When the effects of simvastatin on morphine-induced AC inhibition were compared with those of DPDMP, significant differences were identified (Table 1). Simvastatin impaired the maximal AC inhibition by about 49%, whereas DPDMP impaired it only by about 27%. As simvastatin and DPDMP disrupted lipid raft microdomains similarly and near totally at these concentrations (Fig. 2C, D), the difference in modulating receptor signaling should be due to their different abilities to affect cholesterol content, thereby leading to lipid raft disruption.

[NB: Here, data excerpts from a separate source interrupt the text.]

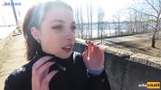 Сученька была в хорошем настроении и согласилась отсосать под мостом знакомому парню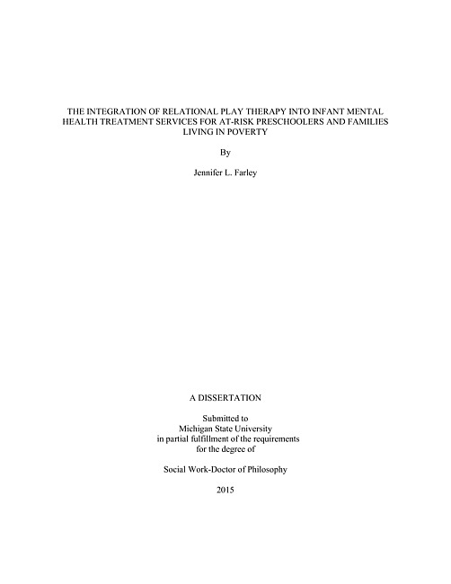 ABSTRACT THE INTEGRATION OF RELATIONAL PLAY THERAPY INTO INFANT MENTAL HEALTH TREATMENT SERVICES FOR AT-RISK PRESCHOOLERS AND FAMILIES LIVING IN POVERTY By Jennifer L. Farley A mixed-method study was conducted to examine the process of integrating Relational Play Therapy (RPT) into Infant Mental Health (IMH) treatment services for at-risk preschoolers and families living in poverty. Interviews with parents and clinicians highlight the need for tailored treatment interventions and clinical supportive services to promote protective factors and reduce child and parent risk factors associated with living in poverty. Clinicians and parents reported a variety of RPT and IMH interventions and treatment models that were delivered within a consistent treatment process with four distinctive aspects, all of which heightened parental involvement. RPT interventions were used more often than IMH interventions and significant relationships between RPT and IMH models and other treatment interventions indicate a need for specialized techniques within Non-RPT treatment models or a need for clinicians to tailor Non-IMH treatment models to center on attachment reparation. The clinician-parent relationship served as a conduit to deliver treatment interventions and clinical supportive services. Within the context of a supportive clinical relationship, parents reported feeling more confident and empowered to advocate for their child to friends and family, which led to improved familial understanding, improved natural supports and fewer feelings of social isolation. Further development of the integrative model along with clinical, research and implications are examined.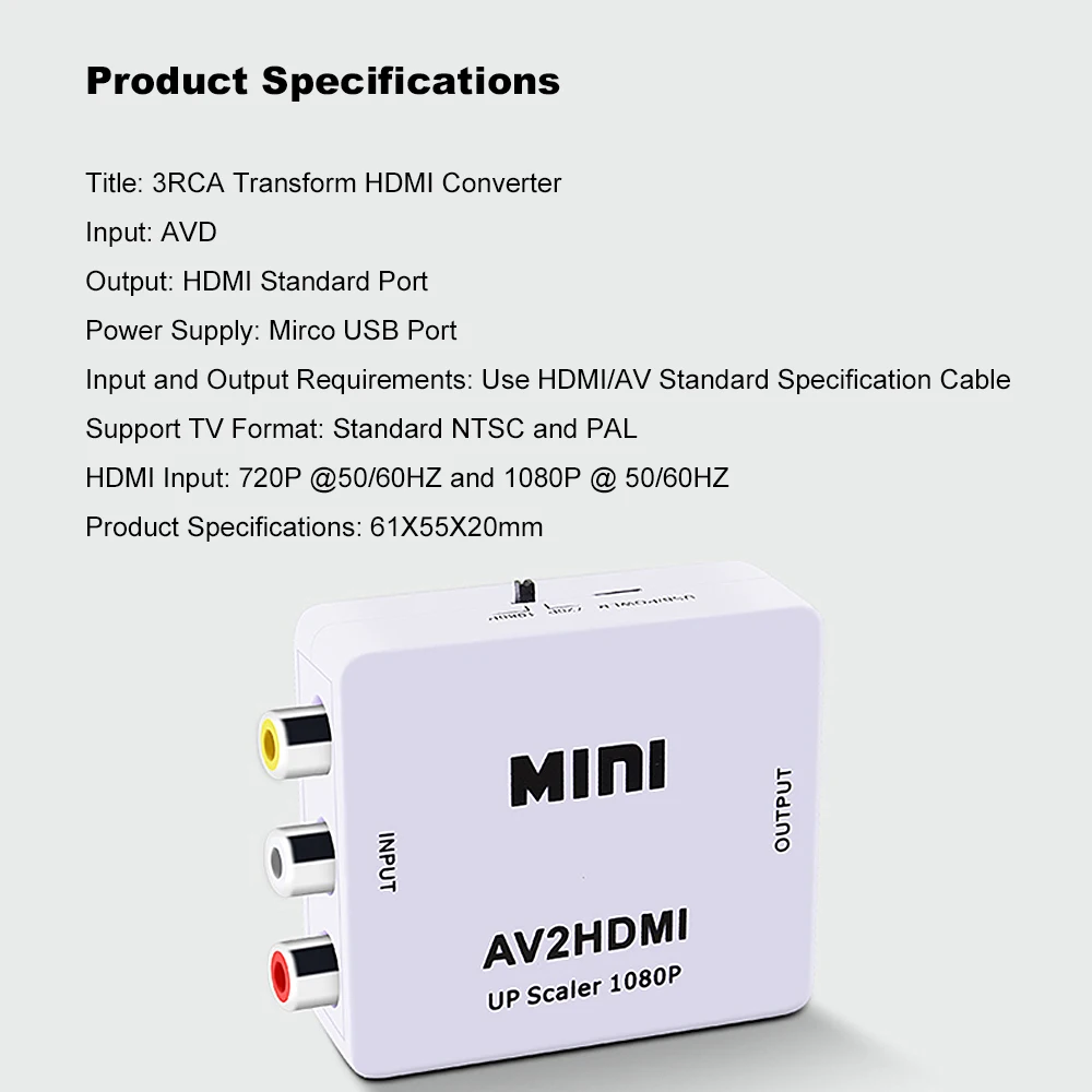Av2Hdmi 3RCA to HDMI Converter ovg Hdmi Converter Adapter AV CVBS Box 1080P Video AV2HDMI Converter for HDTV PS3 PS4 DVD PC

When fentanyl was used as the agonist, similar observations were obtained (Table 1). Simvastatin had higher ability than DPDMP to impair fentanyl-induced AC inhibition. Thus, cellular cholesterol content probably affects receptor signaling by mechanisms other than supporting the entirety of lipid raft microdomains.
Dual functions of cholesterol in regulating receptor signaling
Simvastatin, but not DPDMP, decreased the cellular content of cholesterol (Fig. 1). In addition, the two inhibitors exhibited differences in their abilities to affect opioid-induced AC inhibition. Thus cholesterol might contribute to receptor signaling via two mechanisms: supporting the entirety of lipid raft microdomains and facilitating receptor signaling directly. The higher ability of simvastatin to impair receptor signaling than DPDMP could be due to the ability of simvastatin to impair both mechanisms.
Opioid-induced AC inhibition has been suggested to be mediated by Gαi2, and OPRM1 is anchored to the lipid raft microdomain by Gαi2 in the absence of an agonist (13). Thus cholesterol may regulate receptor signaling by directly influencing receptor-G protein coupling.
Receptor-Gαi2 coupling was determined by testing the FRET between CFPOPRM1 and YFPGαi2 in HEK cells. The amounts of transfected CFPOPRM1 and YFPGαi2 were tightly controlled to achieve similar expression levels of fluorescence-conjugated proteins in different experimental groups. As indicated in Fig. 4, the normalized net FRET value under control condition was 0.38 ± 0.03 (n = 12), which could be decreased to 0.20 ± 0.06 (n = 12) by 0.5 µM simvastatin. The dose dependency of simvastatin to affect receptor-G protein coupling was also determined. However, DPDMP did not affect Gαi2 coupling, as indicated by the normalized net FRET value after this inhibitor treatment (0.39 ± 0.05, n = 12) (Fig. 4A).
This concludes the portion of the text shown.